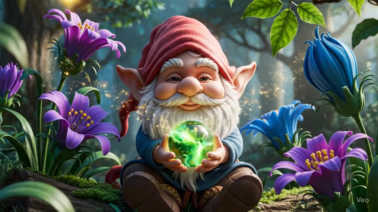 “A magical gnome sitting in the enchanted forest holds a glowing green sphere that pulsates with energy and light. The camera does a gentle zoom-in showing her tender smile and the sphere illuminating her face. Around her, flowers slowly open, magical glitters float in the air, and leaves sway in an enchanted wind. Epic fantasy style, cinematic lighting, ultra detailed, 3D digital realism, 16:9.
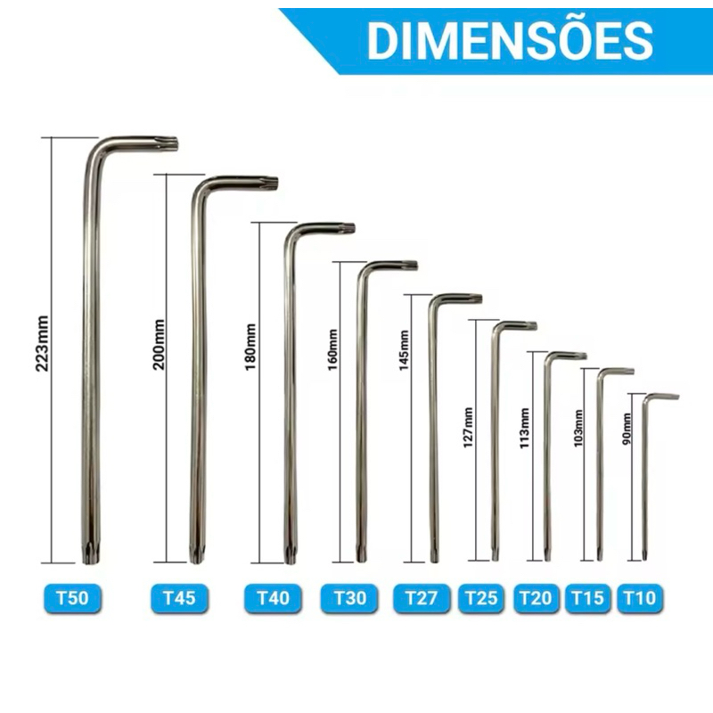 Kit Jogo de Chave Torx + Allen Grande Longa Com Furo
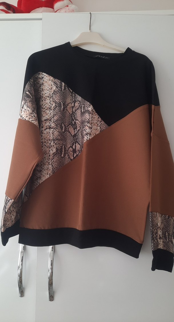 Kadın bluz, yılan desenli, yuvarlak yaka ve uzun kolludur. Gevşek kesimli, kahverengi ve siyah tonlarda drapeli tasarıma sahiptir.
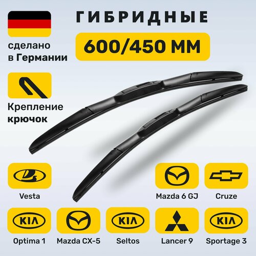 Гибридные щетки стеклоочистителя 600 мм и 450 мм – это всесезонные дворники с удобным легким креплением крючок (hook, j-hook) служат более 3 лет. Набор щеток немецкой компании Zekkert производится именно в Германии. Качество, проверенное Российским потребителем и получившее огромное доверие за последние годы. Трущее лезвие не резиновое, а изготовлено из 100% натурального каучука с графитовым покрытием. Благодаря каучуку, долговечному и морозостойкому материалу исключено появление наледи на поверхности, что особенно актуально при эксплуатации автомобиля зимой. Качественное прижатие к стеклу, по всей длине и лучшую аэродинамику обеспечивает установленная внутри них металлическая пластина (изготовлена из высококачественной углеродистой стали SPCC (Япония), это гарантия отличного качества чистки даже в условиях плохой погоды. Снижается сопротивление воздуху, уменьшены шумы при работе, даже при сухом ходе. Наши универсальные зимние и летние щетки в демисезон для авто обладают специальными свойствами, позволяющими эффективно очищать лобовое стекло машины от воды, грязи, снега и льда. Гибридные модели автощеток 60 на 45 – аксессуар, который станет отличным решением для автомобиля во время демисезонного использования, так как они сочетают в себе лучшие качества как каркасных, так и бескаркасных щеток и обеспечивают идеальное прилегание, хороший уровень чистки, а также равномерное и бесшумное скольжение по лобовому стеклу, не скрипят, не оставляют разводов, морозостойкие. Дворники автомобильные 60/45 - отличный подарок автовладельцу из категории автоаксессуары, практичный презент на любой праздник мужу, папе, любимому, брату.
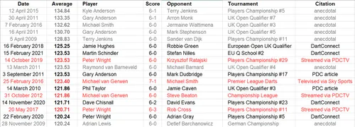 Op de all-time lijst is dat moyenne slechts genoeg voor een elfde plaats. De lijst wordt aangevoerd door Kyle Anderson, die in 2015 een wedstrijd tegen Terry Jenkins met 134.84 gemiddeld wist te winnen. De Australiër noteerde in deze weergaloze partij drie 10-darters, een 11-darter, 12-darter en een 15-darter.
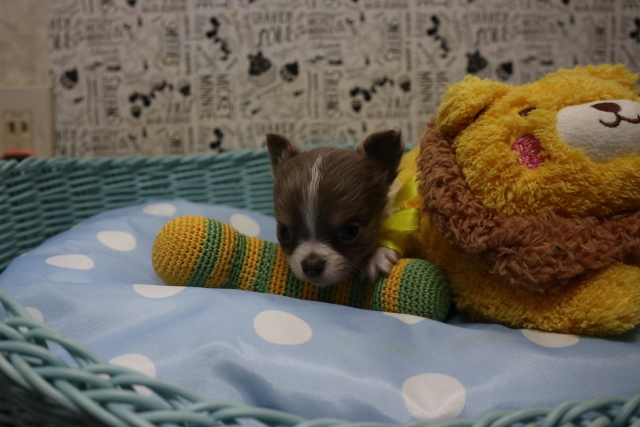 | コメント | お父さんチョコクリームの『シン』君。2.5㌔のPRAクリアーのイケメン君! お母さんチョコタン&ホワイトの『チロル』ちゃん。1.8㌔のお母さん。 小さな小さなチワワちゃんになりますよ! 皆様からのご質問、お問い合わせ、ご見学お待ちしています! 大阪市 濱田 |

REQUIRED WORK
Leaving out the pictures, repeat all of the entries exactly.

EXERCISE OUTPUT
 “A magical gnome sitting in the enchanted forest holds a glowing green sphere that pulsates with energy and light. The camera does a gentle zoom-in showing her tender smile and the sphere illuminating her face. Around her, flowers slowly open, magical glitters float in the air, and leaves sway in an enchanted wind. Epic fantasy style, cinematic lighting, ultra detailed, 3D digital realism, 16:9.
 Kit Jogo de Chave Torx + Allen Grande Longa Com Furo
 Kadın bluz, yılan desenli, yuvarlak yaka ve uzun kolludur. Gevşek kesimli, kahverengi ve siyah tonlarda drapeli tasarıma sahiptir.
 Гибридные щетки стеклоочистителя 600 мм и 450 мм – это всесезонные дворники с удобным легким креплением крючок (hook, j-hook) служат более 3 лет. Набор щеток немецкой компании Zekkert производится именно в Германии. Качество, проверенное Российским потребителем и получившее огромное доверие за последние годы. Трущее лезвие не резиновое, а изготовлено из 100% натурального каучука с графитовым покрытием. Благодаря каучуку, долговечному и морозостойкому материалу исключено появление наледи на поверхности, что особенно актуально при эксплуатации автомобиля зимой. Качественное прижатие к стеклу, по всей длине и лучшую аэродинамику обеспечивает установленная внутри них металлическая пластина (изготовлена из высококачественной углеродистой стали SPCC (Япония), это гарантия отличного качества чистки даже в условиях плохой погоды. Снижается сопротивление воздуху, уменьшены шумы при работе, даже при сухом ходе. Наши универсальные зимние и летние щетки в демисезон для авто обладают специальными свойствами, позволяющими эффективно очищать лобовое стекло машины от воды, грязи, снега и льда. Гибридные модели автощеток 60 на 45 – аксессуар, который станет отличным решением для автомобиля во время демисезонного использования, так как они сочетают в себе лучшие качества как каркасных, так и бескаркасных щеток и обеспечивают идеальное прилегание, хороший уровень чистки, а также равномерное и бесшумное скольжение по лобовому стеклу, не скрипят, не оставляют разводов, морозостойкие. Дворники автомобильные 60/45 - отличный подарок автовладельцу из категории автоаксессуары, практичный презент на любой праздник мужу, папе, любимому, брату.
 Op de all-time lijst is dat moyenne slechts genoeg voor een elfde plaats. De lijst wordt aangevoerd door Kyle Anderson, die in 2015 een wedstrijd tegen Terry Jenkins met 134.84 gemiddeld wist te winnen. De Australiër noteerde in deze weergaloze partij drie 10-darters, een 11-darter, 12-darter en een 15-darter.
 | コメント | お父さんチョコクリームの『シン』君。2.5㌔のPRAクリアーのイケメン君! お母さんチョコタン&ホワイトの『チロル』ちゃん。1.8㌔のお母さん。 小さな小さなチワワちゃんになりますよ! 皆様からのご質問、お問い合わせ、ご見学お待ちしています! 大阪市 濱田 |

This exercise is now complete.